St. Thomas More – 4
Website – cinops be gone – Monday, Dec. 29, 2008
This is the 4th report on James Monti’s “The King’s Good Servant But God’s First”.
More’s Early Years - 3
It was in or around 1501 that a new chapter opened in More’s life, perhaps prompted in part by a deepened introspection following the recent loss of his mother. The young Thomas had felt the call to perfection and sought to answer it as best he could; and so he spent the next 4 years contemplating what state in life God might be calling him to. Thus he gave serious consideration to the idea of entering the priesthood and the religious life. For this reason, from around the age of 23 to 27, he spent at least part of each day participating in the spiritual exercises of THE CARTHUSEAN MONKS OF LONDON’S CHARTERHOUSE. Thomas lived in quarters nearby, so that he continued his work in the world while nourishing his soul with Carthusian spirituality.
Their rule is among the most demanding of any in the Church. The Carthusians had not in any way slackened in the observance of the constitutions of their founder, Saint Bruno. Their life is strictly and totally “contemplative”, as distinguished from the “active” life of other orders that exercise their ministry in some fairly visible from inside the outside world. Much of the Office was chanted, thereby adding to the amount of time and stamina required to perform this daily function. The Breviary of the Carthusians was longer still than the Roman Breviary of Pope Saint Pius V. Coupled with his grueling daily routine were a number of extraordinary austerities, including the continual wearing of a hair shirt, a perpetual abstinence from meat and animal fat, a Lenten fast extended to last 6 months, as well as a weekly fast on only bread and water (usually on Fridays) in the year.

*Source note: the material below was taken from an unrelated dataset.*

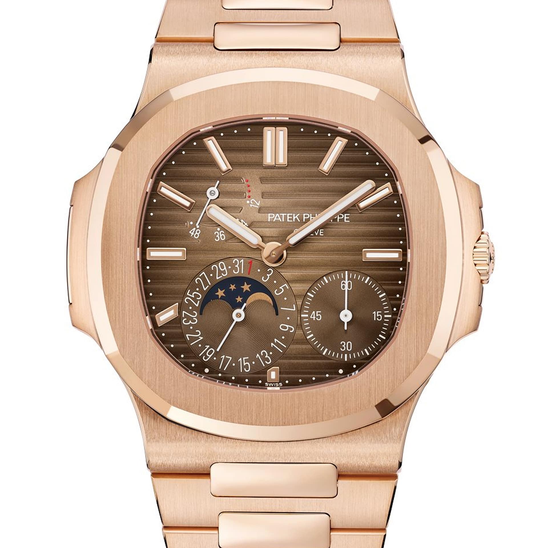 The Patek Philippe Nautilus Moon Phase 5712/1R-001 elevates the iconic Nautilus design by incorporating intricate complications within a luxurious rose gold framework. Crafted from 18k rose gold, the 40mm case is home to a brown sunburst embossed dial that darkens towards the edges.

In this light we cannot but admire the depth of More’s faith in considering such a life, which he took the opportunity to see for himself. The fortitude of those called to the Carthusian state was to be amply demonstrated years later as 18 members of this order, mostly from the London Charterhouse, were eventually to die for their fidelity to the papacy.

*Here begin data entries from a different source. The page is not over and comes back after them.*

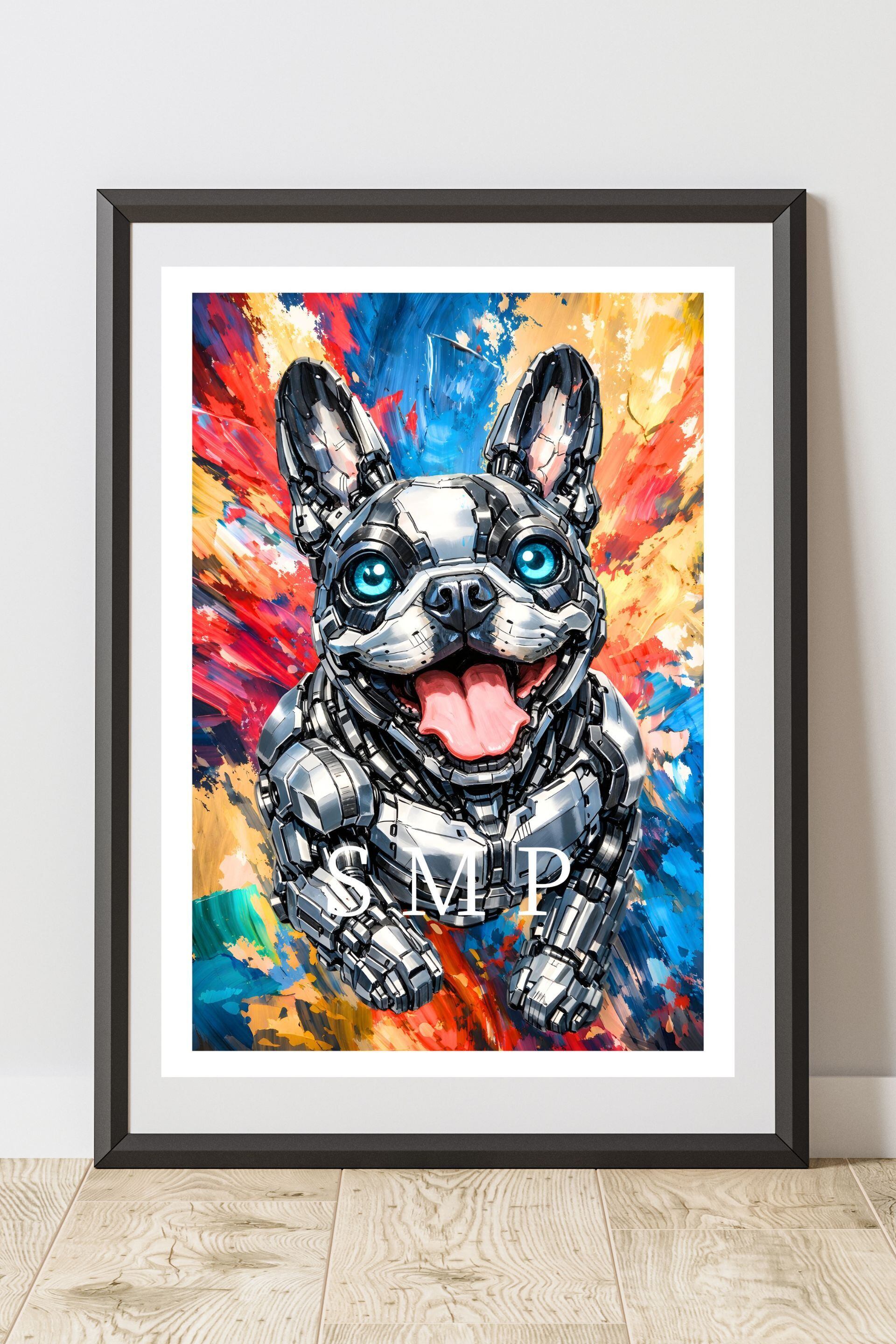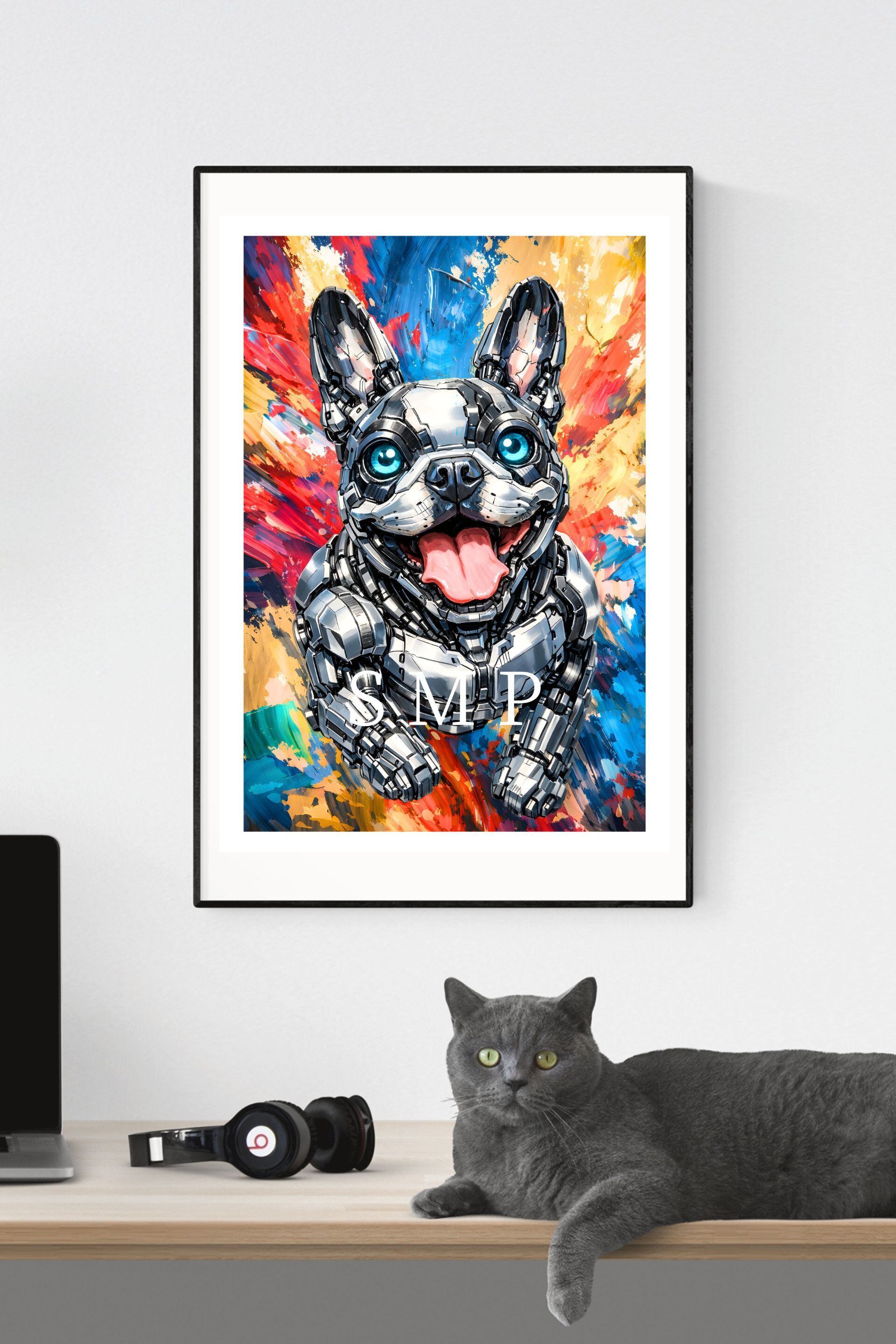 メカドック フレンチブル号 試作4号機 ロボット犬 フレンチブルドッグ サイボーグドッグ ストリートアートポスター A2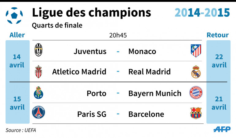 Ligue des champions 2014-2015 : le tableau des demi-finales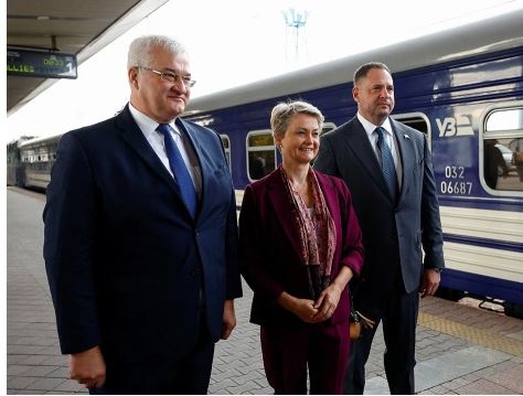 Глава офиса украинского президента также опубликовал видео с железнодорожного вокзала, где вместе с министром иностранных дел Украины Андреем Сибигой встретил иностранных коллег.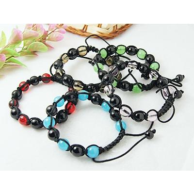 Adjustable shamballa bracelets made with fifteen solid glass beads, alternating black and mixed with black ends.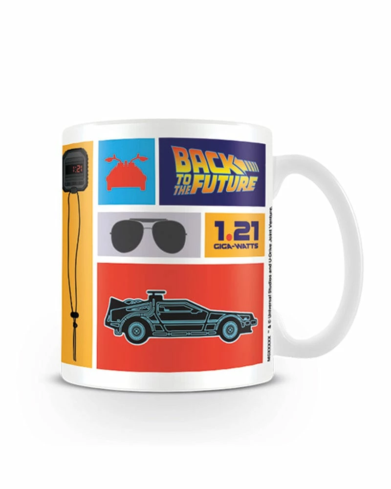 Make sure everyone knows you’re a big fan of Back To The Future with this stylish official mug featuring bright retro coloured panels with art of various iconic symbols from the films!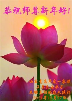 辽宁省大连市全家十名大法弟子及明真相的家人恭祝慈悲伟大的师尊新年快乐! 二零二一年十二月二十七日 河北省保定地区农村明真相、坚信法轮大法好的一民众问候大法师父新年快乐!

During this time of More’s life he completed a translation of the biography of recently deceased Italian scholar, Giovanni PICO delle Mirandola (1462-1494). Pico’s life as an unmarried layman, devoted to ecclesiastical studies, stirred the interest of More whose academic pursuits and ascetical practices resembled in certain ways those of Pico. The young Thomas turned to the life of Pico as an example for the lay state only after he had decided not to become a priest or religious. More was never to lose his sense of reverence for the religious life and was to defend it in his subsequent apological writings.

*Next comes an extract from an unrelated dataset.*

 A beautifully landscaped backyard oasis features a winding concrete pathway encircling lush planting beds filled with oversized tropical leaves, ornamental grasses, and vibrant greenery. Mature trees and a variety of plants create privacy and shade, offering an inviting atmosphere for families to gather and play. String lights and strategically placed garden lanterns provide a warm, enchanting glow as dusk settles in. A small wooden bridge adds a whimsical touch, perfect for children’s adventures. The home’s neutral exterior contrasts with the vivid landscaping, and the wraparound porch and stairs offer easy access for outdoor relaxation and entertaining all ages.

Devotion to the Passion is perhaps the single most pervasive aspect of More’s spirituality, an aspect to which he was to give expression every Friday and Good Friday, as we shall later see. Then there was Pico’s zeal for the sacred sciences – especially his day-and-night study of the Scriptures and his encyclopedic knowledge of the Church Fathers – pursuits that we already know were dear to More.